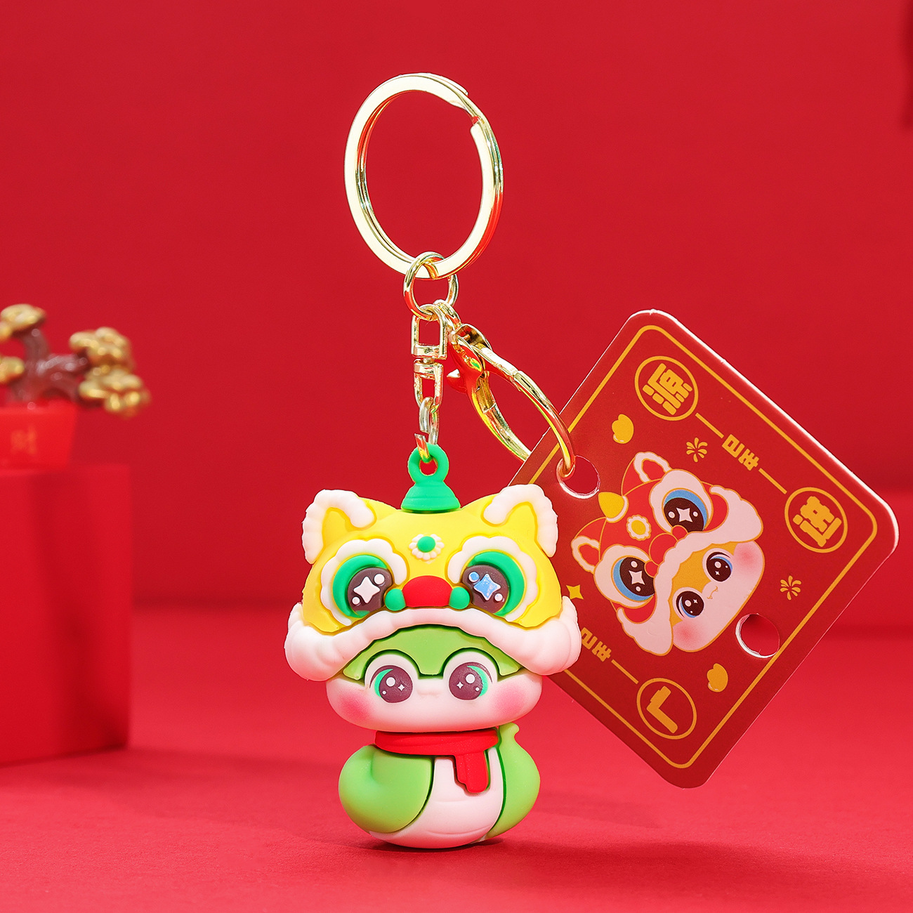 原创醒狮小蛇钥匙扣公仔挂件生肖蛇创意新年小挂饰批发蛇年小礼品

---+---

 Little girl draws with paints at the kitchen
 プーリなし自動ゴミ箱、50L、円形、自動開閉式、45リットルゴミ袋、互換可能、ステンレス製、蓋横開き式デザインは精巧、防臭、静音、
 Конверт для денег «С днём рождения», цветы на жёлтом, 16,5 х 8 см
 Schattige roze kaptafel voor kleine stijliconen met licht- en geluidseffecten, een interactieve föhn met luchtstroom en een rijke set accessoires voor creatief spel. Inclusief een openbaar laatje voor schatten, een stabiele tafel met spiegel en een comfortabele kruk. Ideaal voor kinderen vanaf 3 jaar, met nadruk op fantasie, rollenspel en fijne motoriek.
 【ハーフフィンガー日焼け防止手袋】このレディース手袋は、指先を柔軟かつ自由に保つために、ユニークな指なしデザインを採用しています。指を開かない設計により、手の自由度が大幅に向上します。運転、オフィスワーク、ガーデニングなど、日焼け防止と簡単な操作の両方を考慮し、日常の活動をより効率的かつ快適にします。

---+---

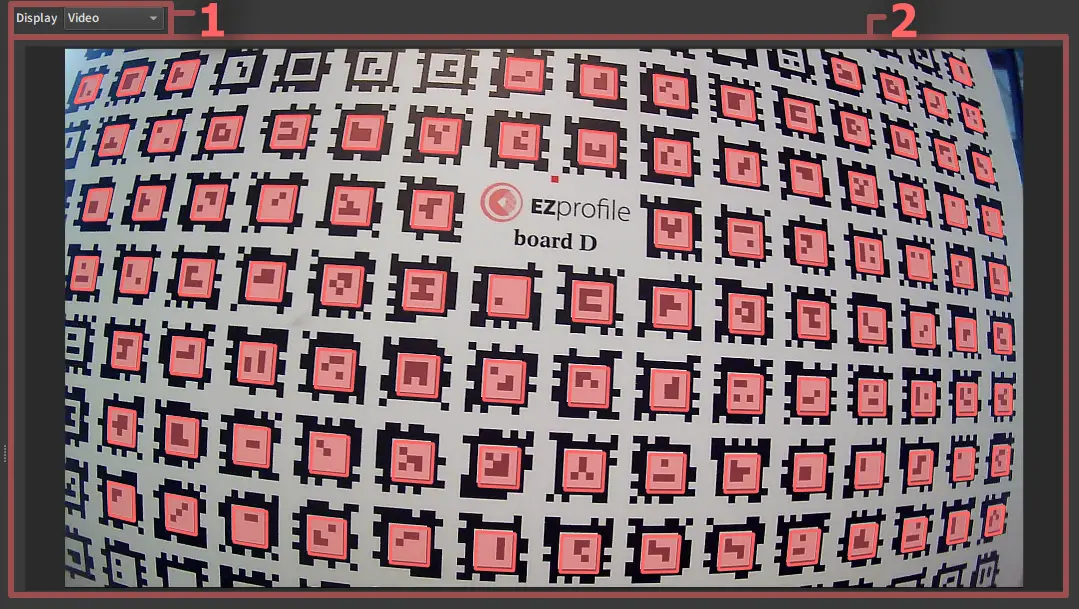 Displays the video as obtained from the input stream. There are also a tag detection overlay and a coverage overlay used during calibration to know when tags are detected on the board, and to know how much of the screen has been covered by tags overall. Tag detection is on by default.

---+---

## Your task
Out of the data above, transcribe exactly and only the lines starting with the line that has "Конверт для денег" and going on through the line that has "Schattige roze kaptafel", both included.

## Task output
 Конверт для денег «С днём рождения», цветы на жёлтом, 16,5 х 8 см
 Schattige roze kaptafel voor kleine stijliconen met licht- en geluidseffecten, een interactieve föhn met luchtstroom en een rijke set accessoires voor creatief spel. Inclusief een openbaar laatje voor schatten, een stabiele tafel met spiegel en een comfortabele kruk. Ideaal voor kinderen vanaf 3 jaar, met nadruk op fantasie, rollenspel en fijne motoriek.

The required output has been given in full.